How a synthetic ETF replicates its index

 

 

ETF Replication

 

In the case of commodities it would be inconceivable to take delivery of thousands of cows because you wanted to track livestock so a synthetic ETF uses a total return swap instead of physical holdings to earn the return of its index.

A total return swap is a derivative contract provided by a counterparty such as a global bank or other large financial institution whereby the counterparty pays the ETF the return of the index it tracks including dividends in exchange for a fee and the investment return of collateral posted on behalf of the ETF.

Collateral is used to mitigate the possibility of investors losing out if the counterparty defaults on its obligation to pay, which exposes synthetic ETFs to some counterparty risk which investors should understand.

Cash invested in the ETF secures a basket of securities that form its collateral, and this would be sold and the proceeds used to return the investor’s money if the counterparty were to default.

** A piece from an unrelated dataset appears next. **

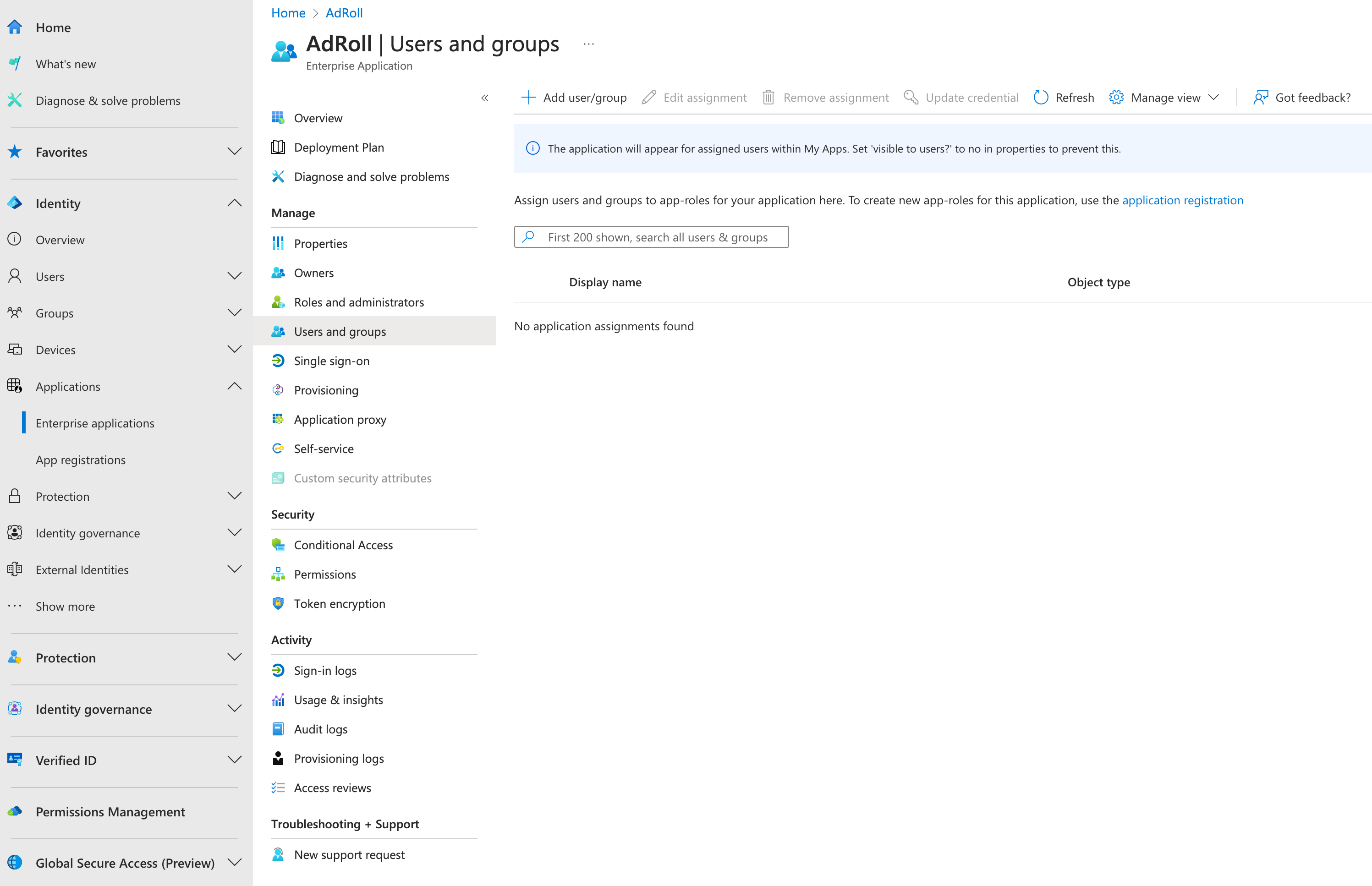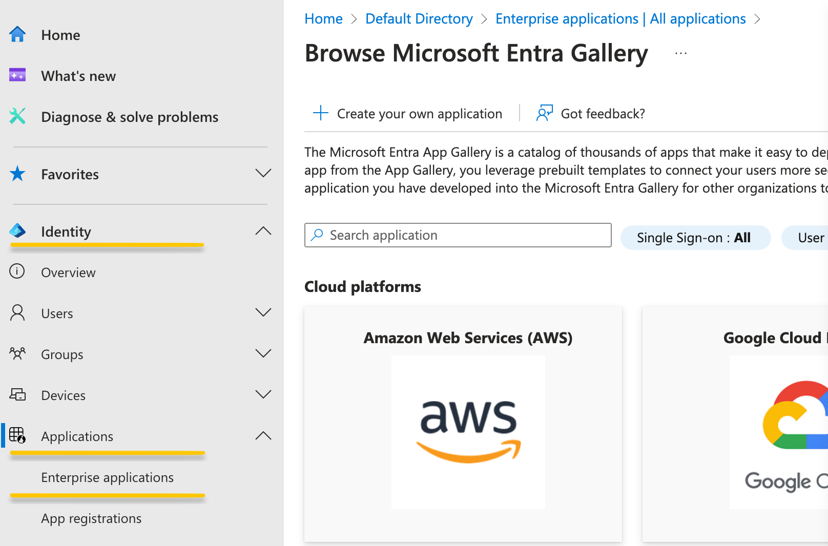 - In Microsoft Entra ID, navigate to Identity > Applications > Enterprise Applications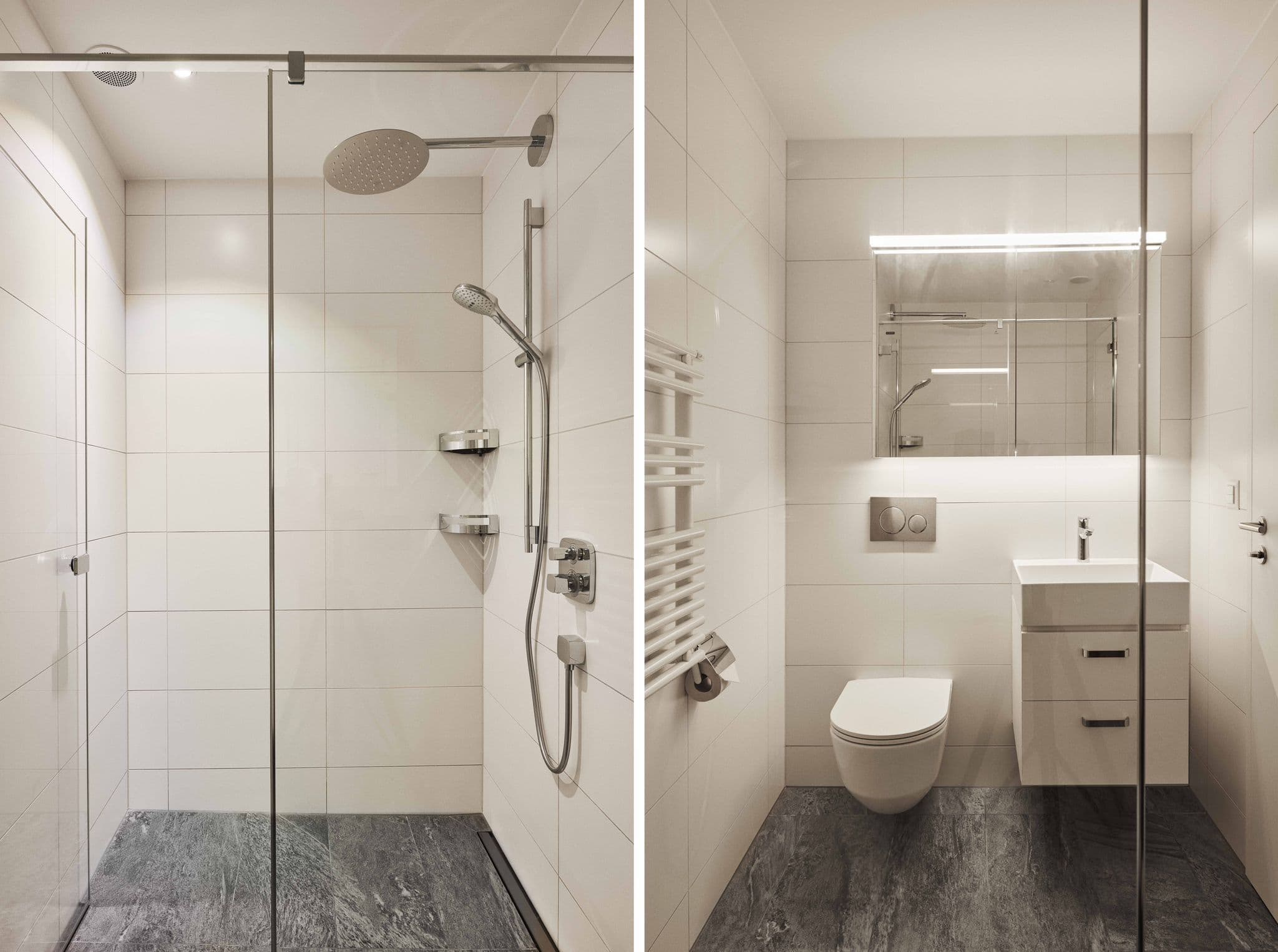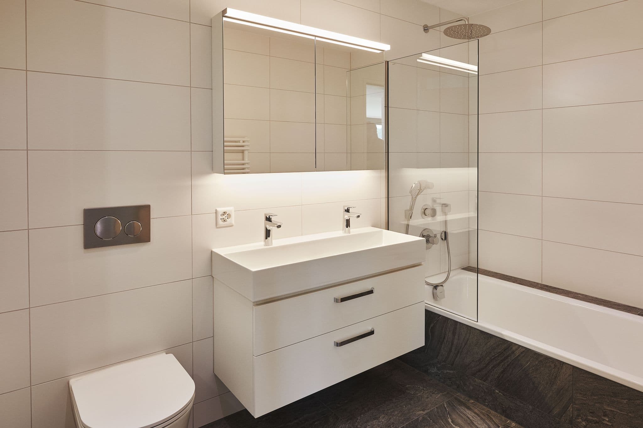 große offene Küche Waschmaschine und Trockner direkt in der Wohnung, Badezimmer mit Badewanne und Dusche mehrere schnelle Aufzüge im Gebäude moderner Neubau mit hochwertiger Ausstattung.

Collateral is often held in securities completely unrelated to the market the ETF follows – a FTSE All-Share synthetic ETF may hold some of its collateral in bonds or Japanese equities!

UCITS ETFs (those approved and regulated by EU rules) are not allowed to expose more than 10% of their Net Asset Value (NAV) to counterparty risk and many providers apply even stricter criteria and ‘over collateralise’ so that the ETF is protected by collateral worth more than 100% of its NAV.

Synthetic ETFs have been subject to a great deal of scrutiny from the media and regulators which has led providers to spread the risk by using multiple counterparties, increase the quality of collateral and revalue it daily in order to ensure that it is 100% of NAV, thereby reducing counterparty risk.

Synthetic ETFs have two main advantages over physical versions.

Firstly, synthetics provide a low cost way to access certain niche markets that would otherwise be off-limits to most investors.

Secondly, they can sometimes undercut their physical rivals in certain markets with lower Ongoing Charge Figures (OCFs) and tracking error because they avoid the complexities of trading the securities of the index.

Your broker should allow you to screen the products on its platform by replication method, or you can use the Screener at www.justetf.com.